**Data to process:**
******************************

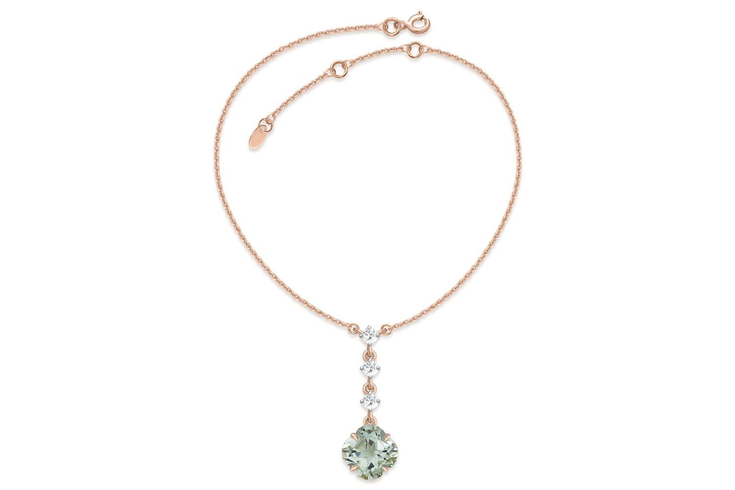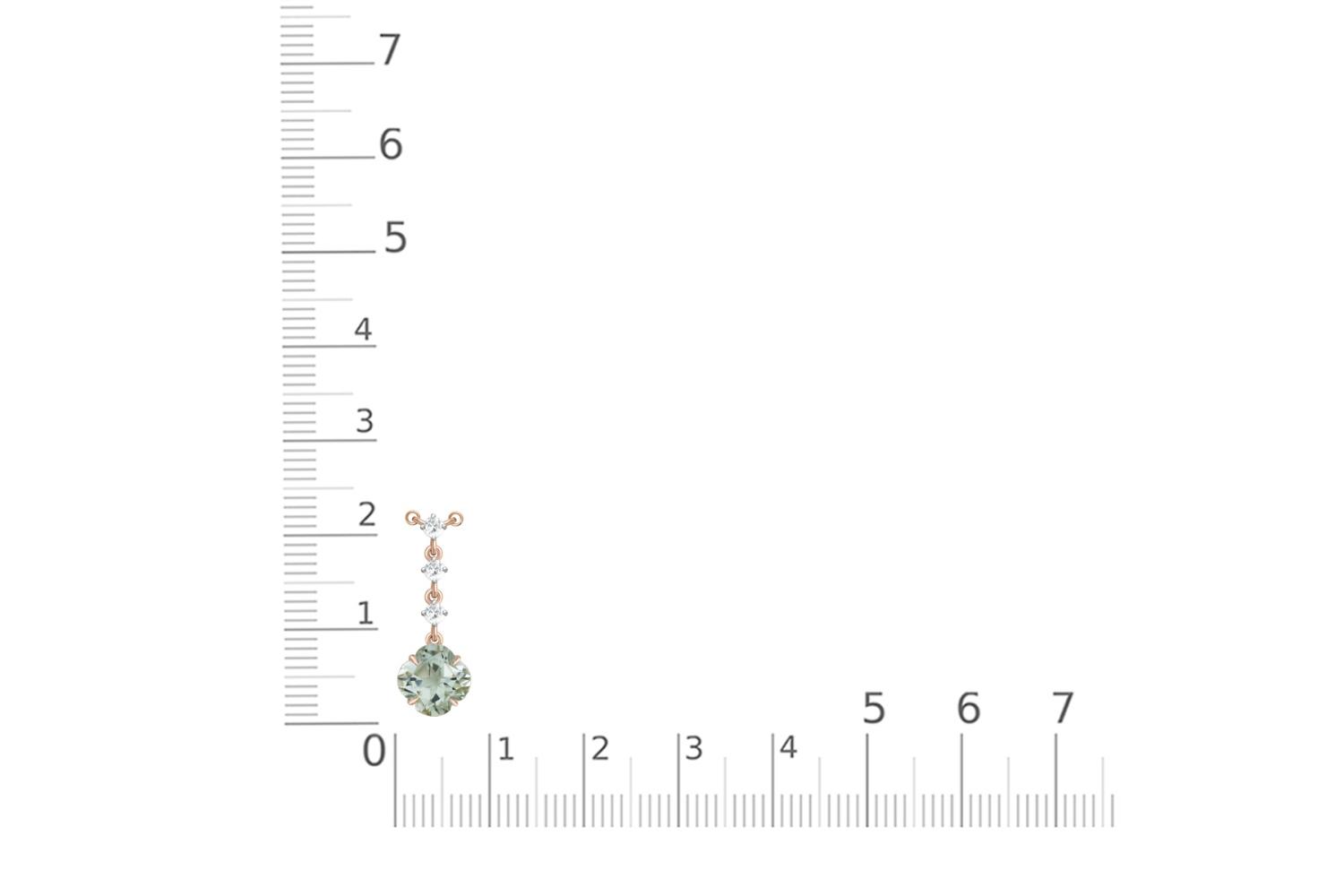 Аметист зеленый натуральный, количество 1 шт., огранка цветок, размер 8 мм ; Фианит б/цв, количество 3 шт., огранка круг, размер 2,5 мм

******************************

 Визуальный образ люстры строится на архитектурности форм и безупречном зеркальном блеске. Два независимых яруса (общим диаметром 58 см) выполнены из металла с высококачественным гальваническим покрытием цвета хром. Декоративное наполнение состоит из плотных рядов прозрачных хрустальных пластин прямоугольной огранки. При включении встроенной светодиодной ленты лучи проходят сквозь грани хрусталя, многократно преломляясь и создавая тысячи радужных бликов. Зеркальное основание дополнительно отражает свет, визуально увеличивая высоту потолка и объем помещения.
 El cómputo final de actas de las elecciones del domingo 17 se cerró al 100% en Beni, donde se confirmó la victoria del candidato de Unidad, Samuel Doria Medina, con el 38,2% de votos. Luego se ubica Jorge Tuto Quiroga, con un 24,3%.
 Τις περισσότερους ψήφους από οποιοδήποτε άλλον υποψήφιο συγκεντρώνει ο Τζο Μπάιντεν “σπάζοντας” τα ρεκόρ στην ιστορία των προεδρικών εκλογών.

******************************

**To do:** Your task is to retype the entries verbatim, starting with the line that holds "Визуальный образ люстры" and stopping after the line that holds "Τις περισσότερους ψήφους".

**Task response:**
 Визуальный образ люстры строится на архитектурности форм и безупречном зеркальном блеске. Два независимых яруса (общим диаметром 58 см) выполнены из металла с высококачественным гальваническим покрытием цвета хром. Декоративное наполнение состоит из плотных рядов прозрачных хрустальных пластин прямоугольной огранки. При включении встроенной светодиодной ленты лучи проходят сквозь грани хрусталя, многократно преломляясь и создавая тысячи радужных бликов. Зеркальное основание дополнительно отражает свет, визуально увеличивая высоту потолка и объем помещения.
 El cómputo final de actas de las elecciones del domingo 17 se cerró al 100% en Beni, donde se confirmó la victoria del candidato de Unidad, Samuel Doria Medina, con el 38,2% de votos. Luego se ubica Jorge Tuto Quiroga, con un 24,3%.
 Τις περισσότερους ψήφους από οποιοδήποτε άλλον υποψήφιο συγκεντρώνει ο Τζο Μπάιντεν “σπάζοντας” τα ρεκόρ στην ιστορία των προεδρικών εκλογών.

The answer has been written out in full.